*How to complete this task*.
Output the lines of the records exactly, from the first through the one containing "Pampanga First District". Omit all pictures.

*Records for this exercise*.
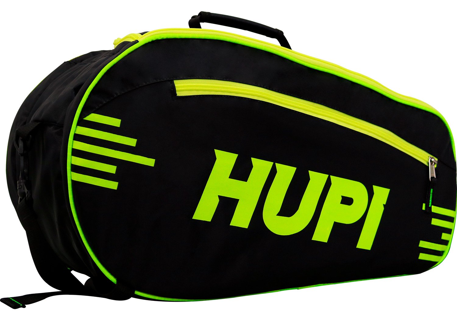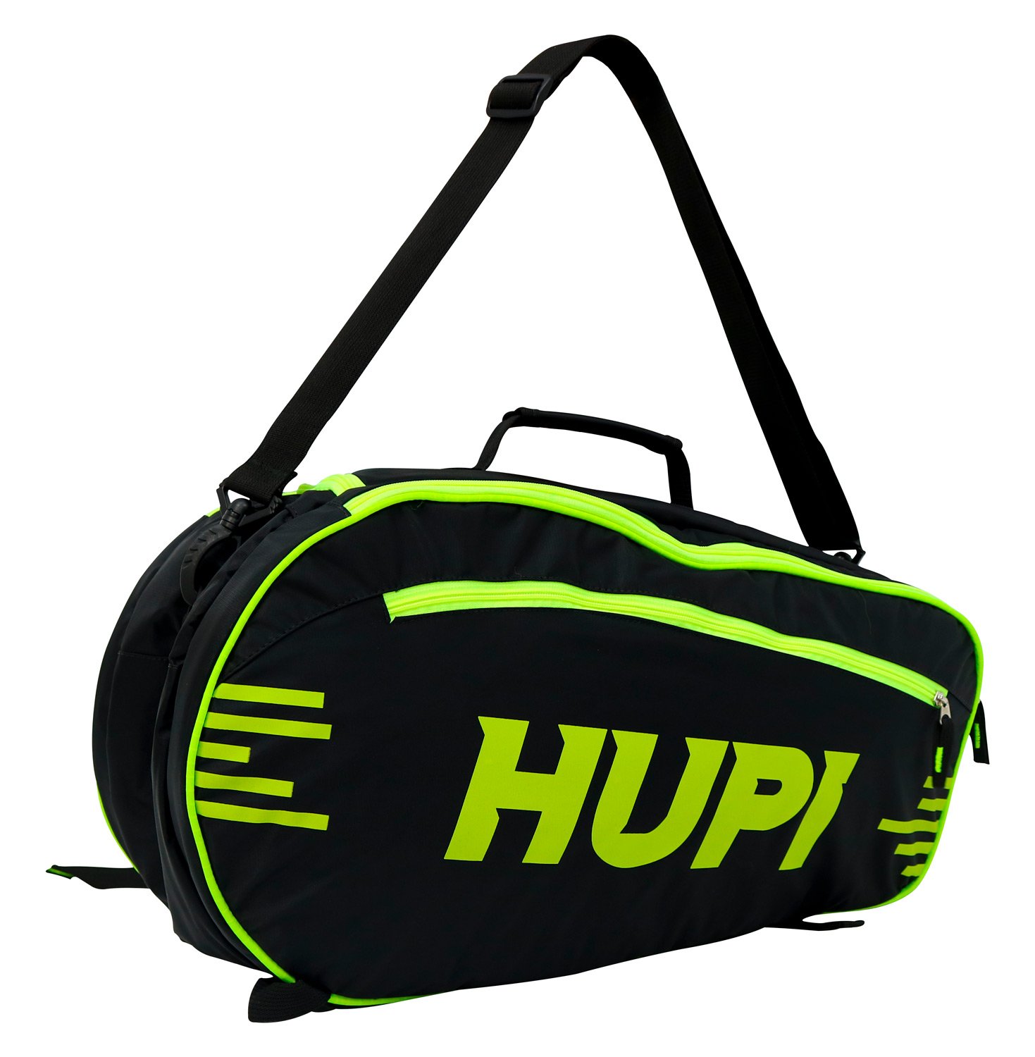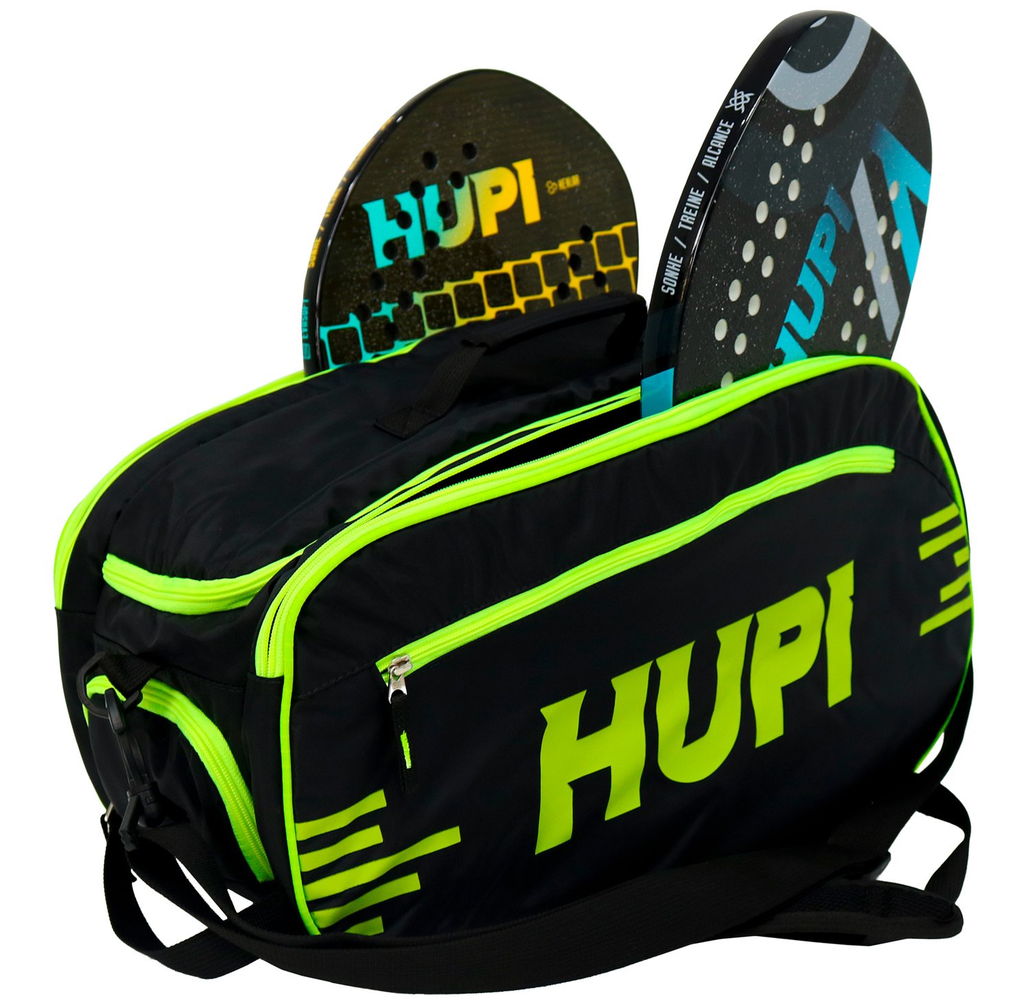 Raqueteira para Beach Tennis e Padel da HUPI, possui espaço para transportar com segurança duas raquetes com capa, com proteção acolchoada. Bolso extra para bolinhas. Possui compartimento separado e grande no meio para carregar demais acessórios e vestuário, como toalhas, roupas, garrafinha de água, e demais itens necessários para seu treino. Dois compartimentos laterias com zíper para transportar separadamente itens menores, como chaves e celular.
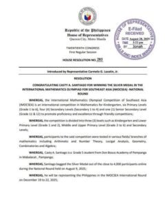 Pampanga First District Representative Carmelo “Pogi” Lazatin, Jr. has filed a resolution commending Casty Santiago, a Grade 5 student from Don Bosco
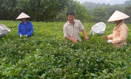 Anh vui vẻ nói mà như khoe với chúng tôi: “Giờ đất đã tơi xốp lắm, chè đang phát triển rất tốt, chất lượng được nâng lên đáng kể”. Nhận thấy tác dụng của các loại phân bón có nguồn gốc hữu cơ đối với sự phát triển bền vững của cây chè, anh thường đặt mua số lượng lớn phân chuồng từ các trang trại quanh vùng đem về ủ mục (hiện gia đình cũng đang ủ khoảng 7 tấn), rồi kết hợp với phân vi sinh bón cho chè. Khi bón phân, anh thường đào hố cạnh gốc chè rồi thả phân xuống và lấp đất cẩn thận nên cây dễ hấp thụ mà lại không bị rửa trôi. Ngoài việc kiên trì cải tạo đất, anh Dương còn tích cực san sườn đồi dốc thành những bãi bằng đồng mức, đắp bờ bao nhằm ngăn đất màu và giữ ẩm cho chè. “Đất không phụ công người”, mỗi lứa chè gia đình anh Dương thu được từ 3 đến 3,5 tạ chè búp khô, một năm cũng xấp xỉ 2 tấn chè, trừ chi phí còn lãi trên 200 triệu đồng và hứa hẹn còn tăng cao trong những năm tới.
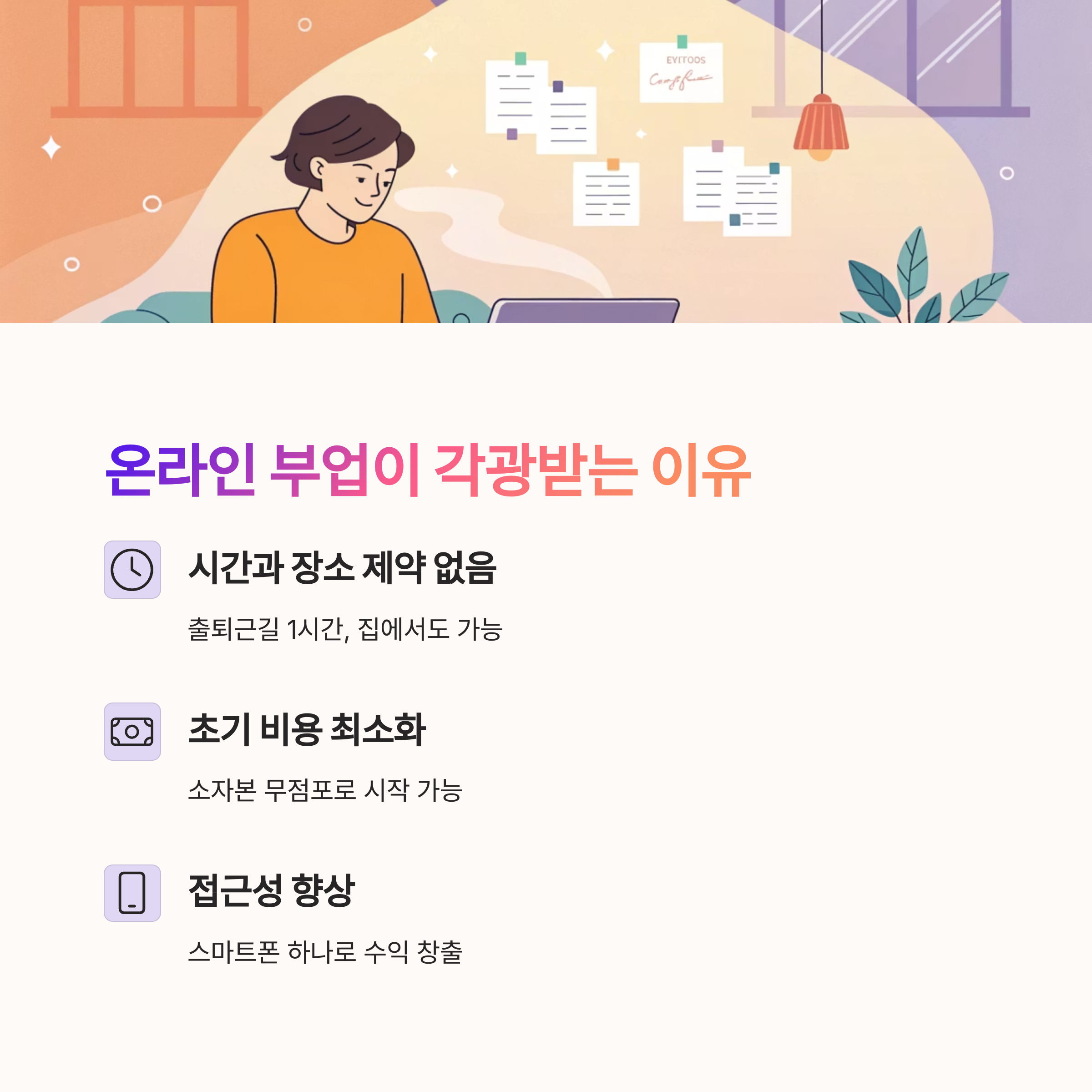 초기 비용이 거의 들지 않기 때문에 직장인·주부·대학생 모두 쉽게 도전할 수 있습니다.
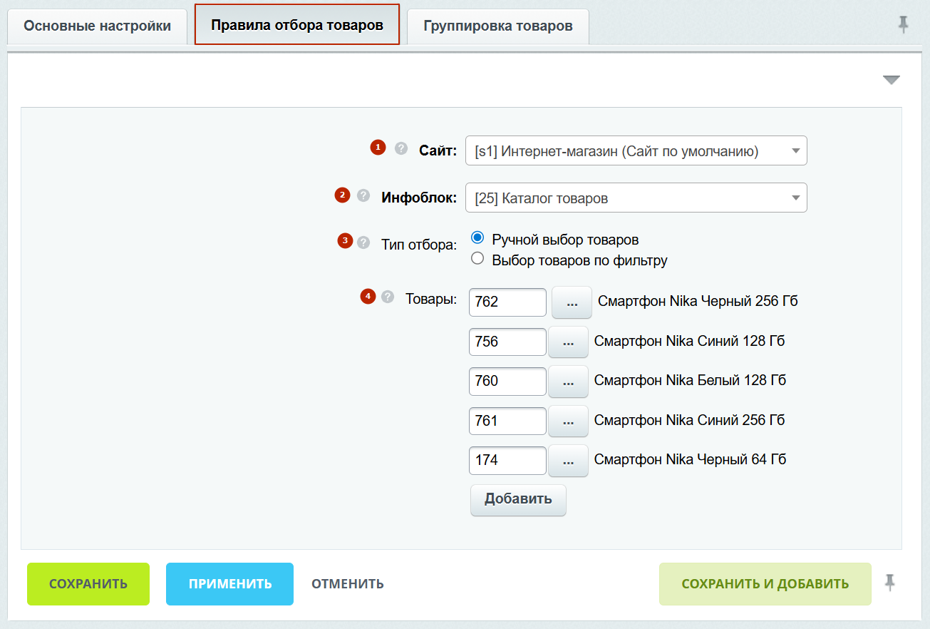 Есть 2 варианта выбора товаров: вручную и по фильтру (3). При варианте «Ручной выбор товаров» добавьте активные товары (4).
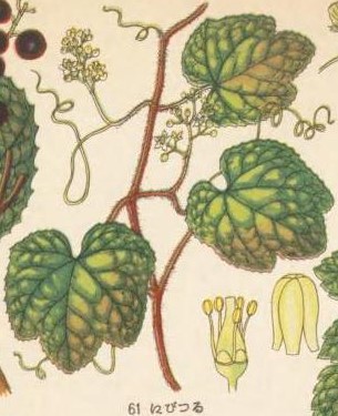 エビヅルとは、野生する樹木の一種である。 画像出典:村越三千男著『内外植物原色大図鑑』(国立国会図書館所蔵)より抜粋 科名:ブドウ科ブドウ属 学名:Vitis ficifolia 原産地:東アジア 生態:落葉ツル性木本 日本の本州や四国・九州に分布するほか、中国や朝鮮半島に分布する落葉のつる性樹木である。丘陵から山地の林縁などに生え、しばしば他物に絡みついて成長する。 葉は卵型寄りの三角形で、3~5つに裂け、互生する。初夏から夏にかけて葉と対生して円錐花序を出して花を咲かせ、花の色は黄緑色である。 秋に黒みの強い紫色の液果を房状につける。この果実は甘酸っぱいので食用になるほか、ジュースや果実酒を作ることができる。ただし、特有の松脂のようなにおいがあるため、近縁種のヤマブドウの方が好まれている。
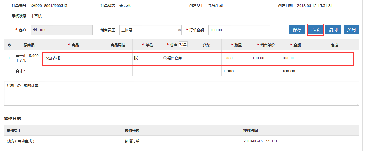 审核通过,会在ERP中心—订单管理界面,生产一笔销售订单;
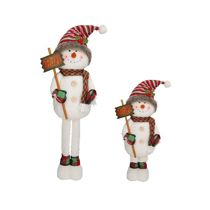 Make a bold and joyful statement this holiday season with this extra-tall Fabric Standing Snowman! Measuring up to 1.37 meters with extendable legs, this charming snowman brings festive cheer and personality to any space. Dressed in classic white, red, and green with a cozy hat and scarf, he’s the perfect blend of traditional Christmas spirit and playful design.

*Answer box*.
 Raqueteira para Beach Tennis e Padel da HUPI, possui espaço para transportar com segurança duas raquetes com capa, com proteção acolchoada. Bolso extra para bolinhas. Possui compartimento separado e grande no meio para carregar demais acessórios e vestuário, como toalhas, roupas, garrafinha de água, e demais itens necessários para seu treino. Dois compartimentos laterias com zíper para transportar separadamente itens menores, como chaves e celular.
 Pampanga First District Representative Carmelo “Pogi” Lazatin, Jr. has filed a resolution commending Casty Santiago, a Grade 5 student from Don Bosco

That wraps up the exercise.